And I don't get the line number of my typo?

Indeed not.

Or the file?

Right. You'll get no information about the location of the typo.

Is that intentional?

Well, no. As you see from the error message above, the information is meant to be printed, but it comes out as (file <unknown>, line <unknown>) instead.

Why?

Rakudo is built on top of Parrot. Usually, Rakudo generates its own error messages, but in some cases, Parrot will also generate an error. The error invoke() not implemented in class 'Undef' is such a case. When a Parrot-internal error like this one occurs, Rakudo will not be able to extract the annotation information required to provide a sensible line number and file.

I... I see.

Yeah. Sorry about that.

Are you able to pick up the irony in the fact that when I use namespaces to help mitigate the complexity of my project, I end up with an error message that in fact makes it harder for me to manage the complexity of my project?

Hold on.

Yes. We are able to pick up the irony in that. Quite easily, in fact.

Consider not using namespaces at the present juncture. They are very useful, but they are also known as a frequent source of annoyances like this.

By the way, I couldn't help but note that the line number and file information in your first example doesn't make any sense either. What the heck is src/gen_setting.pm and line 324?

Well, uh, that's the last line of internal Rakudo code that actually has a working line-and-file annotation. It's nothing that should reach the user, really.

So that's kinda broken, too?

Annotations are currently broken, yes. Apologies.

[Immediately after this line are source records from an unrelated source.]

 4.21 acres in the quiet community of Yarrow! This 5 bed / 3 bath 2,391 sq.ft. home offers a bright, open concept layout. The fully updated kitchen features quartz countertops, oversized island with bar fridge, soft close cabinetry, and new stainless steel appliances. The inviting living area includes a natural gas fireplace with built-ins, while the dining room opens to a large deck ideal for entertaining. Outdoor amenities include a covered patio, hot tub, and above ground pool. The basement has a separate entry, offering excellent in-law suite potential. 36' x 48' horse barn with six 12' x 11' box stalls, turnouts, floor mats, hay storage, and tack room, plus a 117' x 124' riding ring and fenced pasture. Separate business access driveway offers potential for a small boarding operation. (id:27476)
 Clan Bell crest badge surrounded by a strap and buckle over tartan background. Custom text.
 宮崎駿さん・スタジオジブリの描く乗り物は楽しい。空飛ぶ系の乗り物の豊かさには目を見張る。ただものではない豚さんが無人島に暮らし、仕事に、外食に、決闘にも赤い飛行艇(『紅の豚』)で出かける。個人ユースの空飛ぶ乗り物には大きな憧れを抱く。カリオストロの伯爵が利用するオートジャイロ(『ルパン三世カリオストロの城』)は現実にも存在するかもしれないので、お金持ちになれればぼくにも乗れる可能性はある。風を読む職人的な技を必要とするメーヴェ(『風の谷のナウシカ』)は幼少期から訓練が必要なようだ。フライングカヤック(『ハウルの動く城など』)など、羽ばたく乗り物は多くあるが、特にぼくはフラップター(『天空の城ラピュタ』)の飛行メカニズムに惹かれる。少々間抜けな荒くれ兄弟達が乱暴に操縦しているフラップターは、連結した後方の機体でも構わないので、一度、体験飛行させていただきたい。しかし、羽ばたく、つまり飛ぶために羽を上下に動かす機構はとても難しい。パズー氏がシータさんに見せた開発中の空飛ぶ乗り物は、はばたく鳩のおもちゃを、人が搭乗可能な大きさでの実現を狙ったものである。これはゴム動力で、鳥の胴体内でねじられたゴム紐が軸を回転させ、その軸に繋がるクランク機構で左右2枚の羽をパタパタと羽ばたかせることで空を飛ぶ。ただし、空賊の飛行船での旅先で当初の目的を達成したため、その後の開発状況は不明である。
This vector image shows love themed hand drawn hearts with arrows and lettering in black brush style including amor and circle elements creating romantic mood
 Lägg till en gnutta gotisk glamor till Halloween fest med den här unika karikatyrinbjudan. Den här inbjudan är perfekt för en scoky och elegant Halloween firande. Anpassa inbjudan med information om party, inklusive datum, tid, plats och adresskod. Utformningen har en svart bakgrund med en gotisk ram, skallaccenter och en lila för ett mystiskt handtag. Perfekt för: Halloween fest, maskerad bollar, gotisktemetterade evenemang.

Back to my mistyped type name. My program is distributed over fifteen modules and ten thousand lines of code. How do you propose I find my typo?

First off, we recommend that you compile often. That way, the diff from the last working code will not be too large, and you will not have to visually scan so much text hunting for your typo.

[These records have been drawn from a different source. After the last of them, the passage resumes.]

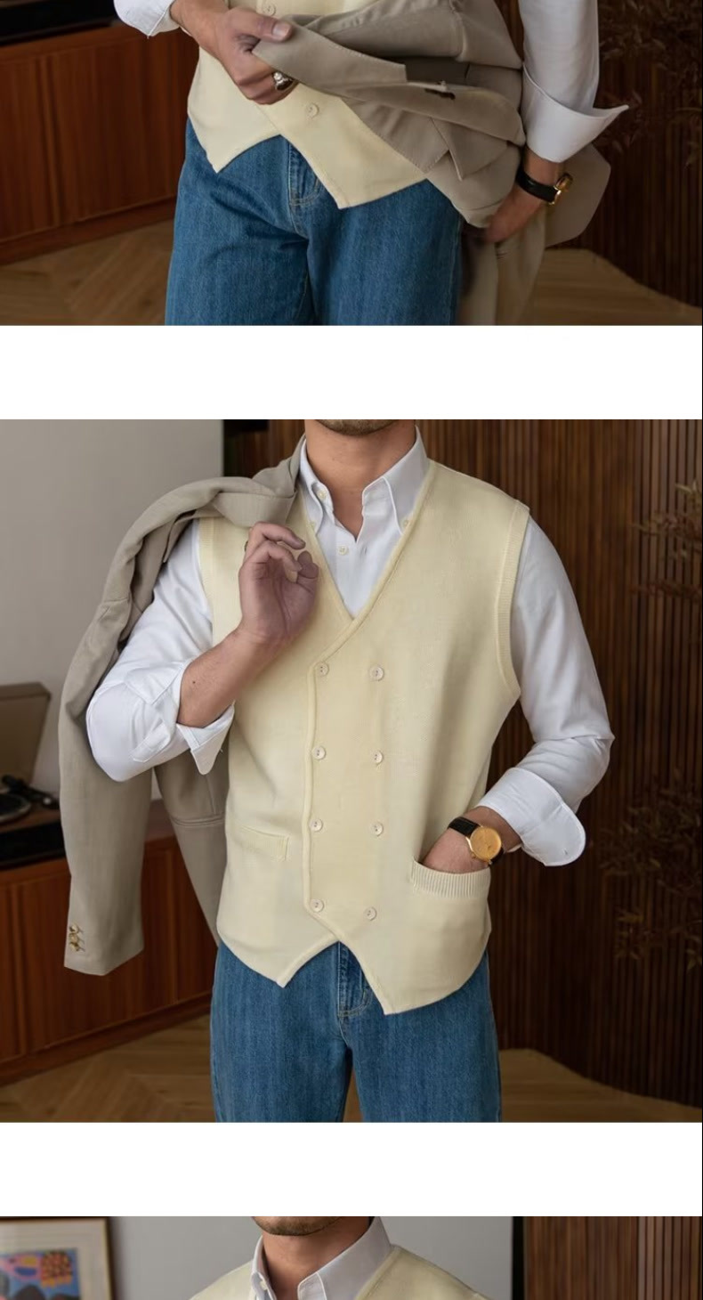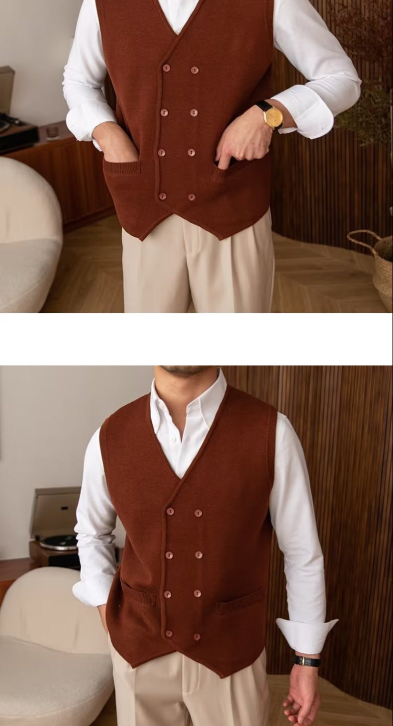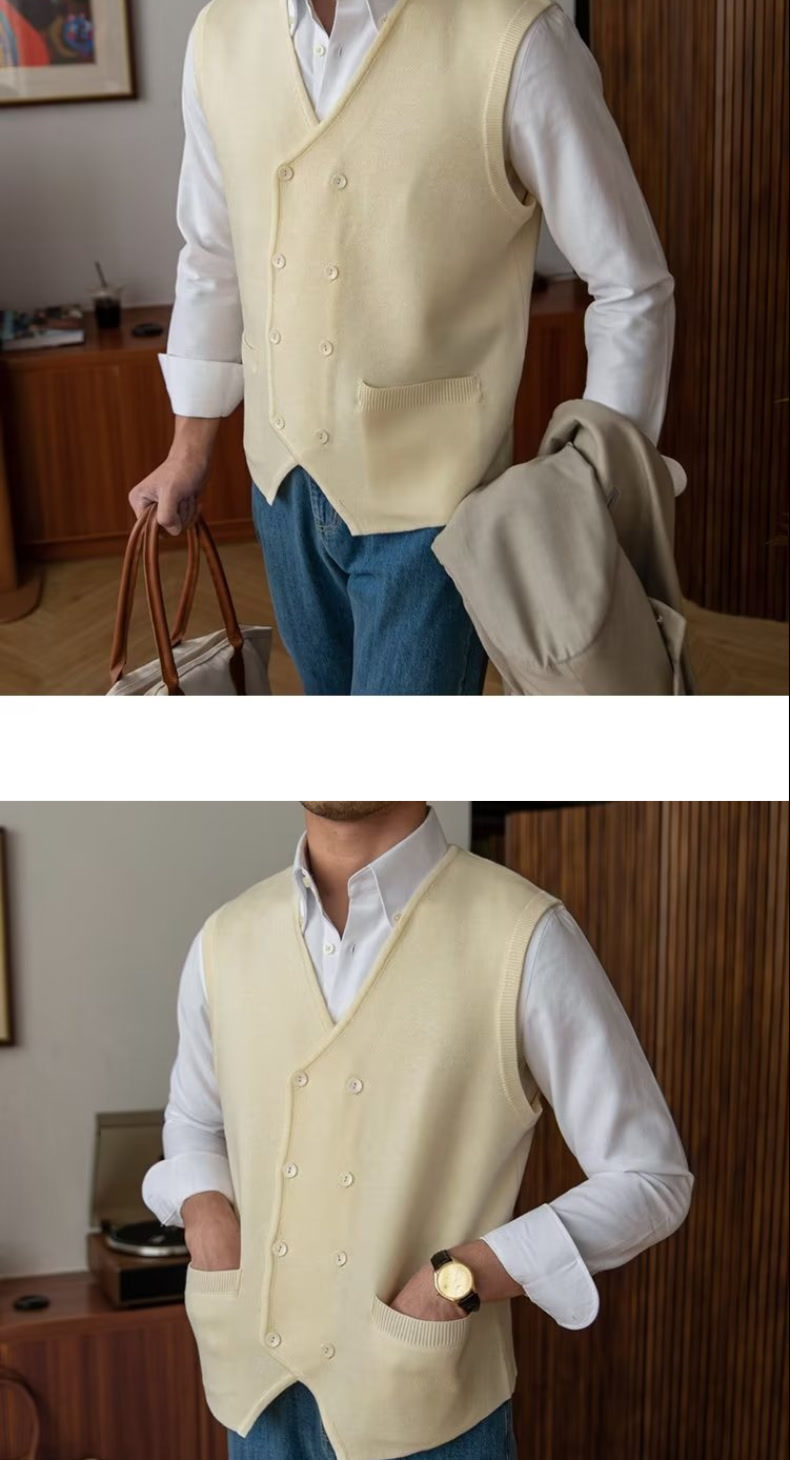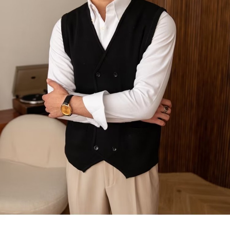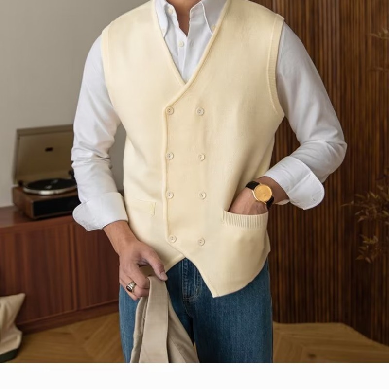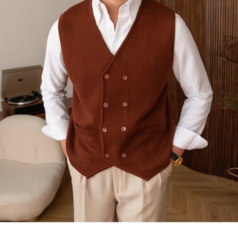 2025 가을, 겨울 다목적 더블 브레스트 니트 민소매 양복 조끼 영국 맞춤형 조끼 슬림 남성 스웨터 조끼
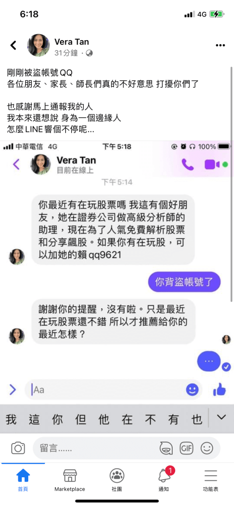 此外,除了真正的詐騙帳號外,也有朋友臉書帳號被盜用。嫌疑犯會拿此帳號去密訊臉書好友,介紹各種投資管道,想要誘使朋友上鉤。若朋友警覺性高,能立刻知道是帳號被詐騙嫌疑犯盜用,透過其它通訊軟體聯絡苦主。
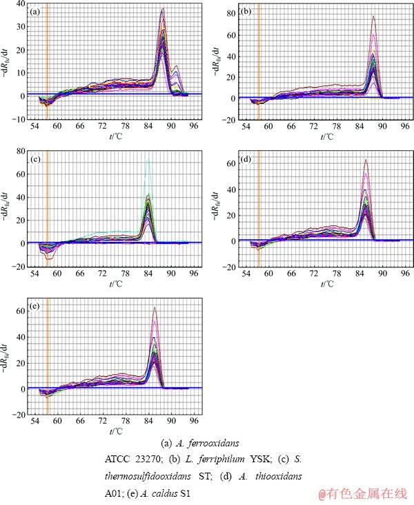 图1 所用5株浸矿细菌的Real-time PCR产物溶解曲线
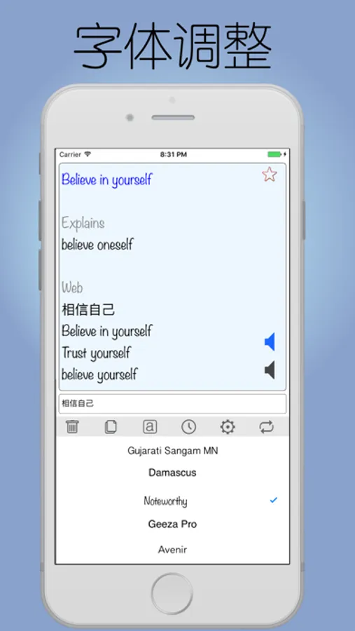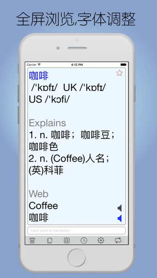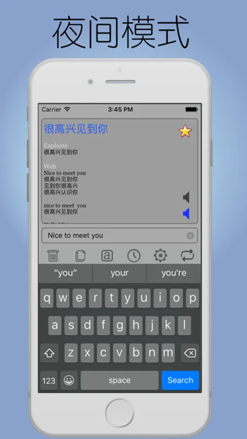 This online professional translation application is simple, compact, and highly efficient. The keyboard is always visible at the bottom of the screen, and commonly used translation functions are conveniently accessible as icons in the toolbar above the keyboard, allowing for easy operation with both left and right fingers.

Secondly, it's often useful to have your project in a version tracker such as Git, so that you can do git diff to see the changes against the index, or against the latest commit.

Thirdly, when all else fails, you can always insert print statements into your code, to try to bisect the origin of the error.

So in other words, Rakudo is no help whatsoever when this occurs?

Now, that's not quite fair. Rakudo tells you that the error occurs. That's actually useful information.

And you consider that adequate?

No, I didn't say that! No-one is happy about this situation. It's just the way things are.

So it can't be fixed?

Theoretically, yes. But not easily. Remember that the error occurs in Parrot.

Don't Rakudo and Parrot developers confer with each other?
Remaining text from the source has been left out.